Provided entries:
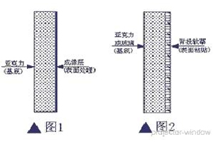 漫反射屏幕的技術(shù)起源比較早,但是,前期發(fā)展比較慢,近幾年隨著應(yīng)用范圍加大,發(fā)展迅速,主要特點是:視角大、增益低、對環(huán)境光攝影能力比較強,應(yīng)用范圍廣闊。 1)、漫反射屏幕的技術(shù)之一是直接對亞克力表面進行處理制作而成。圖1示, 屏幕視角和清晰度都不理想,太陽效應(yīng)也比較嚴(yán)重。主要為國內(nèi)生產(chǎn)廠家的制造方式。 2)、漫反射屏幕的技術(shù)之二是用亞克力、玻璃等透明體材料作為基底, 在其表面粘貼背投軟質(zhì)屏幕制作而成。圖2示,該種技術(shù)已經(jīng)成熟應(yīng)用在各種行業(yè),上下左右視角都是180度,無太陽效應(yīng),同時屏幕的尺寸比較大。
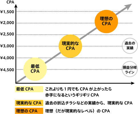- 現実的なCPA : 過去の他媒体(折込チラシなど)の実績から現実的なCPA
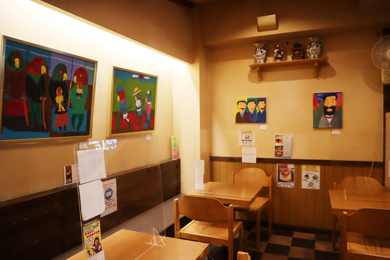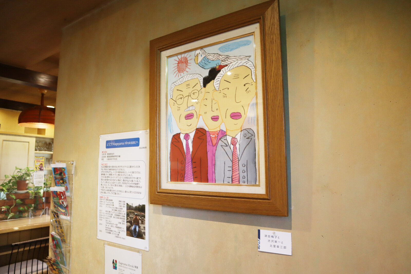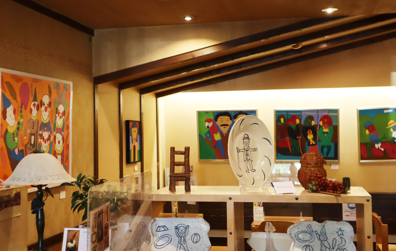 カフェスペースの壁に、カラフルでチカラ強いタッチの作品が並んでいました。
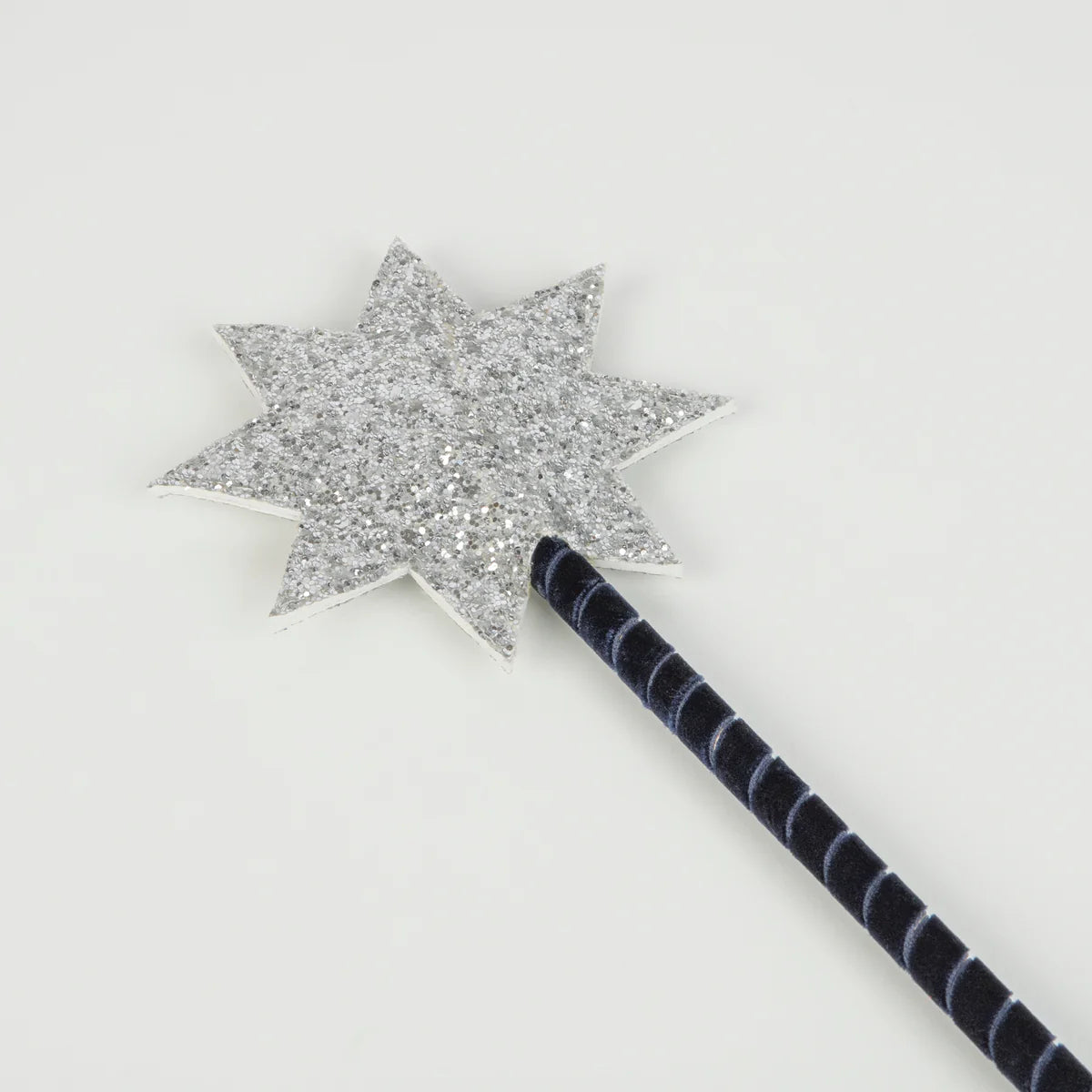 - The wand is topped with a silver glitter fabric star, and has a blue velvet ribbon wound around the wooden handle
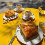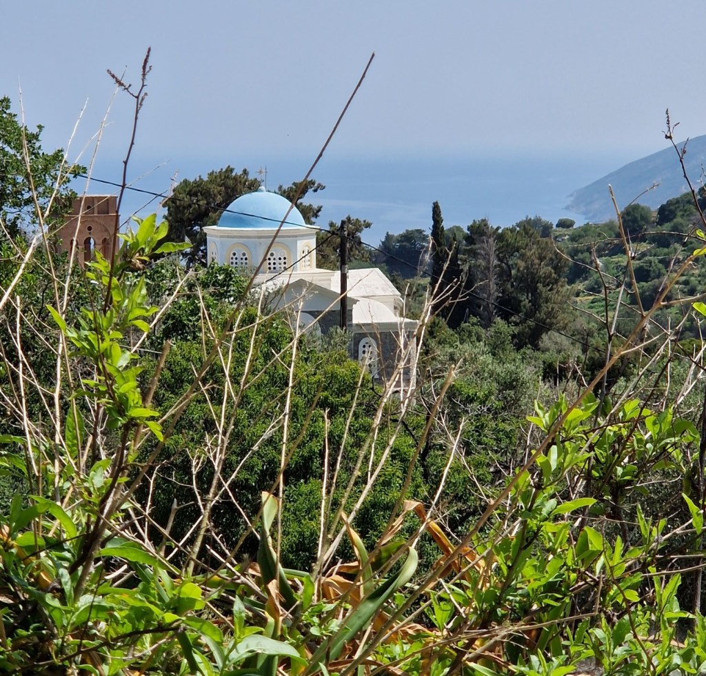 Nous arrivons au village d’Akramata bien plus haut. Sur la place un kafeneio sous les arbres, infiniment grec. Une dame de la poste qui arrive sans doute en voiture, s’attable et distribue des enveloppes et de l’argent en cash aux petits vieux qui arrivent doucement pour recevoir leur pension. Et nous dégustons pendant ce temps , de somptueux gâteaux crémeux faits maison, feuilletés parfumés à la mastika issue de la résine du lentisque pistachier qui pousse ici comme à Chios.
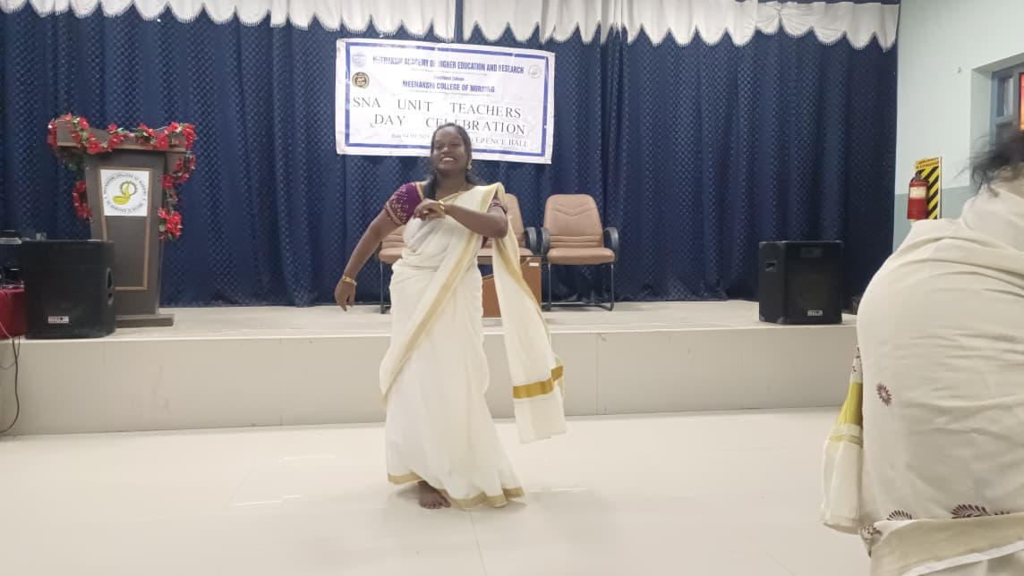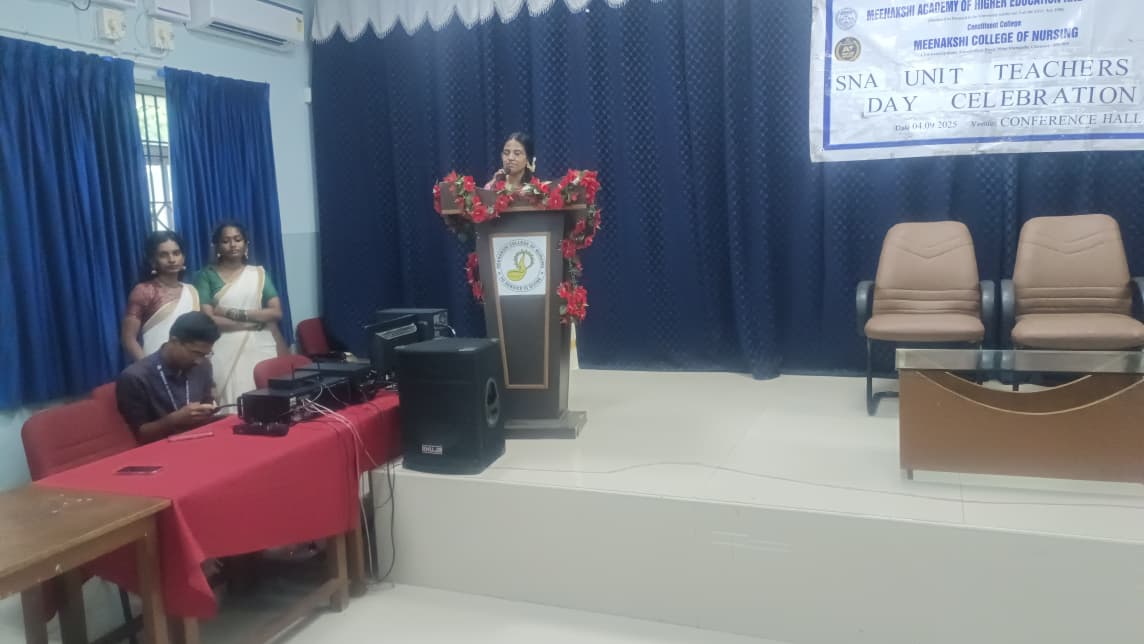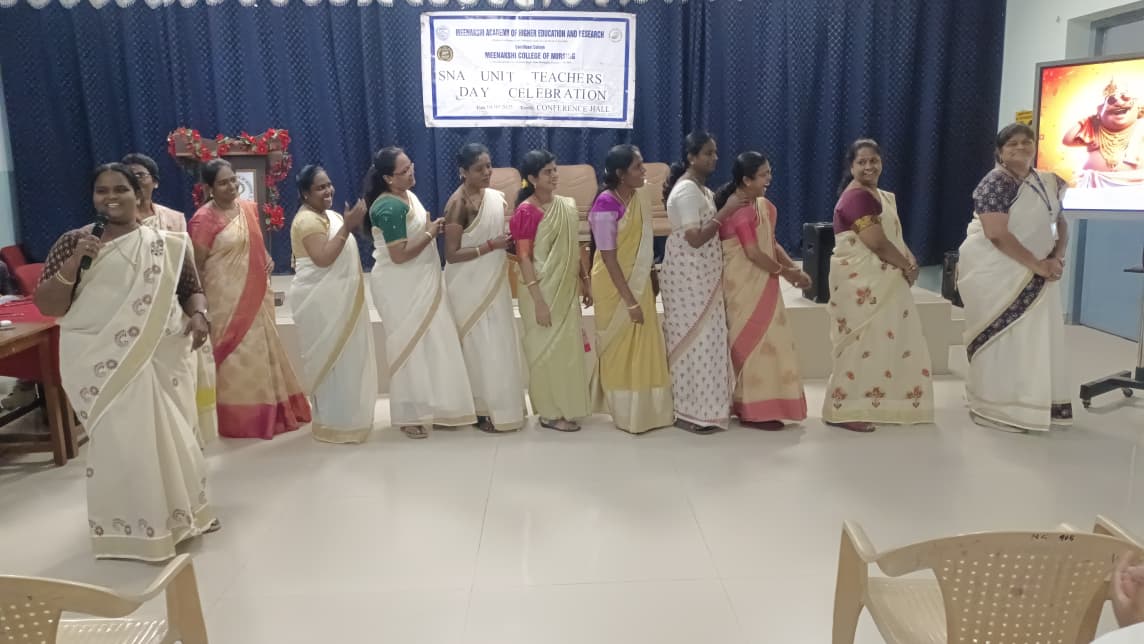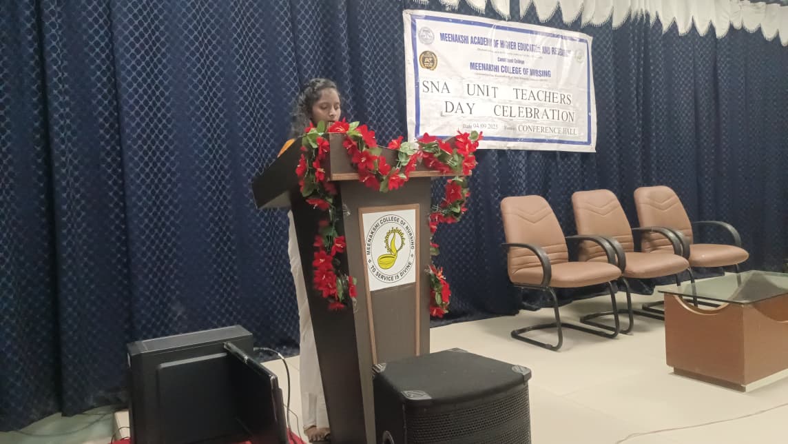 Meenakshi College of Nursing (MCON) celebrated Teacher’s Day on 4th September 2025 with great zeal, honoring the invaluable contributions of its teaching fraternity. The event offered students an opportunity to express their appreciation through music, speeches, and vibrant performances, reinforcing the bond between mentors and mentees. The celebration was coordinated by Dr. Thephilah Cathrine R, Associate Professor, MCON. A total of 141 students and 14 faculty members actively participated in the program.

Instructions to follow: Quote the records above in full, dropping each picture.

The answer:
 漫反射屏幕的技術(shù)起源比較早,但是,前期發(fā)展比較慢,近幾年隨著應(yīng)用范圍加大,發(fā)展迅速,主要特點是:視角大、增益低、對環(huán)境光攝影能力比較強,應(yīng)用范圍廣闊。 1)、漫反射屏幕的技術(shù)之一是直接對亞克力表面進行處理制作而成。圖1示, 屏幕視角和清晰度都不理想,太陽效應(yīng)也比較嚴(yán)重。主要為國內(nèi)生產(chǎn)廠家的制造方式。 2)、漫反射屏幕的技術(shù)之二是用亞克力、玻璃等透明體材料作為基底, 在其表面粘貼背投軟質(zhì)屏幕制作而成。圖2示,該種技術(shù)已經(jīng)成熟應(yīng)用在各種行業(yè),上下左右視角都是180度,無太陽效應(yīng),同時屏幕的尺寸比較大。
- 現実的なCPA : 過去の他媒体(折込チラシなど)の実績から現実的なCPA
 カフェスペースの壁に、カラフルでチカラ強いタッチの作品が並んでいました。
 - The wand is topped with a silver glitter fabric star, and has a blue velvet ribbon wound around the wooden handle
 Nous arrivons au village d’Akramata bien plus haut. Sur la place un kafeneio sous les arbres, infiniment grec. Une dame de la poste qui arrive sans doute en voiture, s’attable et distribue des enveloppes et de l’argent en cash aux petits vieux qui arrivent doucement pour recevoir leur pension. Et nous dégustons pendant ce temps , de somptueux gâteaux crémeux faits maison, feuilletés parfumés à la mastika issue de la résine du lentisque pistachier qui pousse ici comme à Chios.
 Meenakshi College of Nursing (MCON) celebrated Teacher’s Day on 4th September 2025 with great zeal, honoring the invaluable contributions of its teaching fraternity. The event offered students an opportunity to express their appreciation through music, speeches, and vibrant performances, reinforcing the bond between mentors and mentees. The celebration was coordinated by Dr. Thephilah Cathrine R, Associate Professor, MCON. A total of 141 students and 14 faculty members actively participated in the program.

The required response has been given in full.